Ardern’s shock resignation: New Zealand Prime Minister Jacinda Ardern shocked the world when she announced her resignation, saying she no longer had “enough in the tank” to do job justice in her leadership. The decision sparked a parade of commentary on women, driving and burnout — from how other women relate to the impact her connection to the pandemic might have on her career.
Expanding the semi-weekly book selection to include links, surveys, and other reads from around the web.
Deep work author f digital minimalism Calling Cal Newport talks with The New York Times About “slow productivity”, the context switching issue, and why working on a PC all day hasn’t really made workers more efficient.
Layoffs are really bad for companies, writes Bloomberg columnist Sarah Greene Carmichael, citing the surprisingly consistent research that shows downsides for employers — and people — who remain.
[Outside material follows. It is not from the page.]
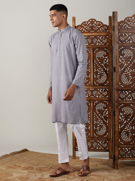 Men's Grey Cotton Straight Kurta Pyjama Set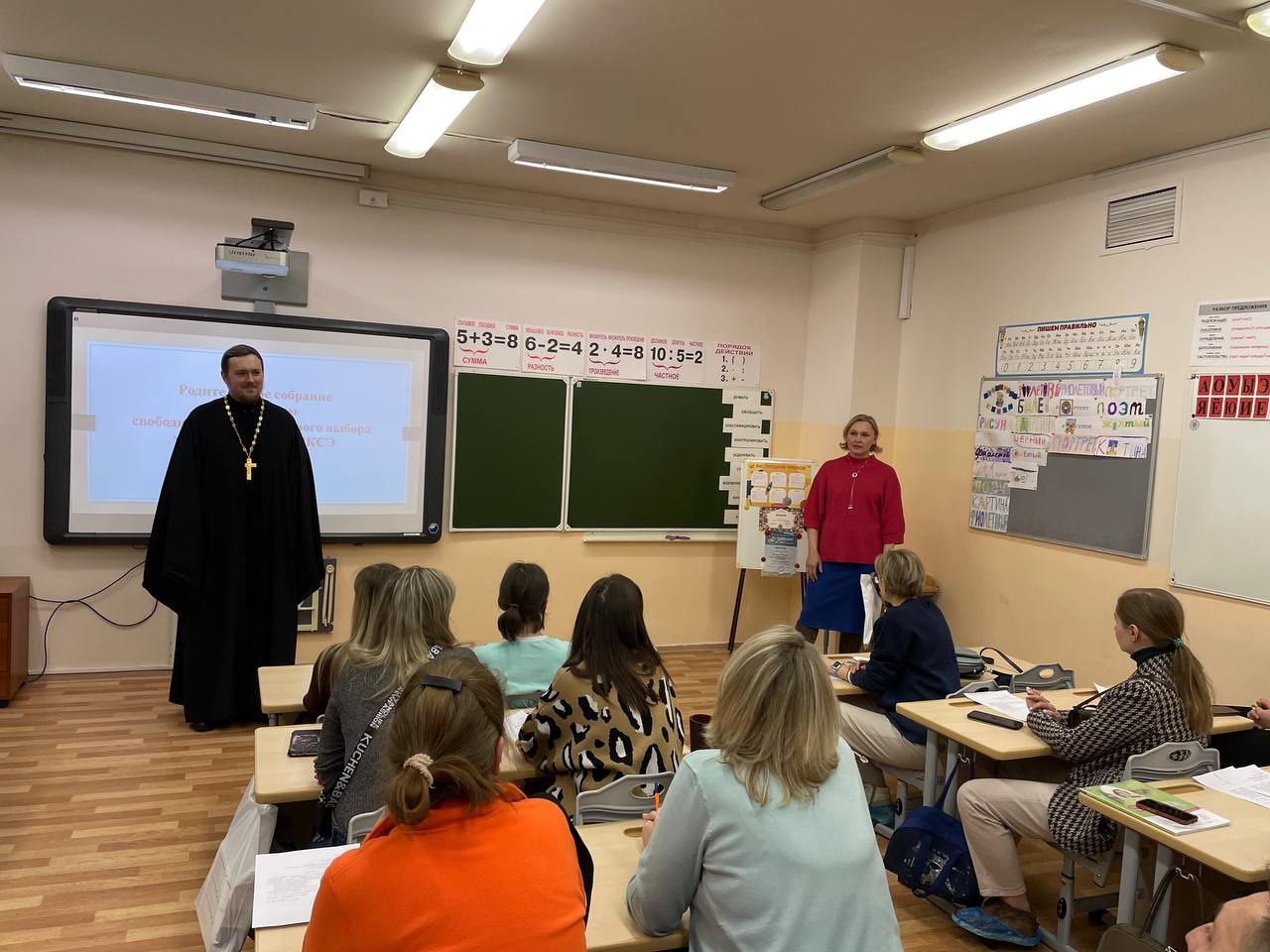 Клирик Ростокинского храма иерей Илия Козливсков и руководитель воскресной школы храма Наталья Валерьевна Мордвинова посетили собрания родителей третьеклассников общеобразовательной школы №1499 им. И.А.Докукина — в качестве общественных методистов по выбору модуля в рамках предмета «Основы религиозных культур и светской этики» (ОРКСЭ).

Jeff Pfeiffer, Professor, Stanford Business School – One of my favorite people to talk to about the mistakes companies make when managing people –Conversations with Stanford News On why so many tech workers were laid off, and the role of the “contagion” in expanding it.
Performance coach Stefan Falk released a new book on February 7, Intrinsic motivation: Learn to love your job and succeed like never beforewhich explores how becoming happier and more productive relies on finding inherent satisfaction in our work rather than external rewards.